Carefully reading about C can give you an abstract idea of variable lifetime, but it's far easier to visualize the near-universal (for compiled languages, anyway) implementation of parameter passing and local variable allocation as stack operations. It helps to take an assembly course before the C course.
This won't work as the pointer in cleanup() is local, and thus assigning it NULL is not seen by the calling function. There are two common ways of solving this.
Instead of sending cleanup the pointer, send it a pointer to the pointer. Thus change cleanup() as follows:
void cleanup(MyType** pointer)
{
free(*pointer);
*pointer = NULL;
}
and then just call cleanup(&p).
A second option which is quite common is to use a #define macro that frees the memory and cleans the pointer.

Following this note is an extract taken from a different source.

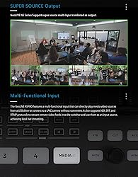 【Rich and Flexible Input Interfaces】Equipped with 4 x 3G-SDI ports and 4 x HDMI ports, a total of 8 inputs can be selected, of which HDMI 1 and 2 support 4K input. Support NDI input (optional), and multi-functional input ports for direct connection to USB devices for media playback, access to UVC cameras, and support for SRT and RTMP streams. 【Multiple Outputs and Monitoring Functions】With dual HDMI outputs and 1 x SDI output, it supports independent outputs of PGM and MV, and can connect three display terminals at the same time to meet the needs of multi-view monitoring. 【Convenient Live Streaming and Recording】Built-in hardware live streaming engine allows direct streaming to TikTok, Instagram and other platforms via Ethernet without a computer. Supports recording live audio and video directly to USB drive or external hard disk. 【Powerful Media Processing】Built-in media player can play videos from storage devices as input source. Supports importing JPG and PNG images from USB drives, and the lower-third dynamic overlay feature enriches visual effects. 【Professional audio and video processing】Equipped with a professional audio mixer that supports AFV and MIX audio modes, it can mix HDMI embedded audio and external audio sources in real time, and realize real-time audio monitoring through the headphone jack. Equipped with virtual chroma key algorithm to help news broadcasting and live demonstration. 【Precise PTZ Camera Control】Supports up to four PTZ cameras for smooth multi-camera switching via joystick.

If you are using C++ then there is a third way by defining cleanup() as:
void cleanup(MyType& *pointer)
{
// your old code stays the same
}
There are two questions are here:
Am I wrong in thinking that after
cleanup(p); is called, the contents of
p should now be NULL?
Yes, this is wrong. After calling free the memory pointed by the pointer is deallocated. That doesn't mean that the content pointed by the pointer is set to NULL. Also, if you are expecting the pointer p to become NULL in mycode it doesn't happen because you are passing copy of p to cleanup. If you want p to be NULL in mycode, then you need a pointer to pointer in cleanup, i.e. the cleanup signature would be cleanup(MyType**).
Second question:
Will cleanup(MyType* pointer) properly
free the memory allocation?
Yes, since you are doing free on a pointer returned by malloc the memory will be freed.
It's not just you.
cleanup() will properly clean up your allocation, but will not set the pointer to NULL (which should IMHO be regarded as separate from cleanup.) The data the pointer points to is passed to cleanup() by pointer, and is free()ed properly, but the pointer itself is passed by value, so when you set it to NULL you're only affecting the cleanup() function's local copy of the pointer, not the original pointer.
There are three ways around this:
Use a pointer to a pointer.
void cleanup(struct MyType **p) { free(*p); *p = NULL; }
Use a macro.
#define cleanup(p) do { free(p); p = NULL; } while(0)
or (probably better):
void cleanup_func(struct MyType *p) { /* more complicated cleanup */ }
#define cleanup(p) do { cleanup_func(p); p = NULL; } while(0)
Leave the responsibility of setting pointers to NULL to the caller. This can avoid unnecessary assignments and code clutter or breakage.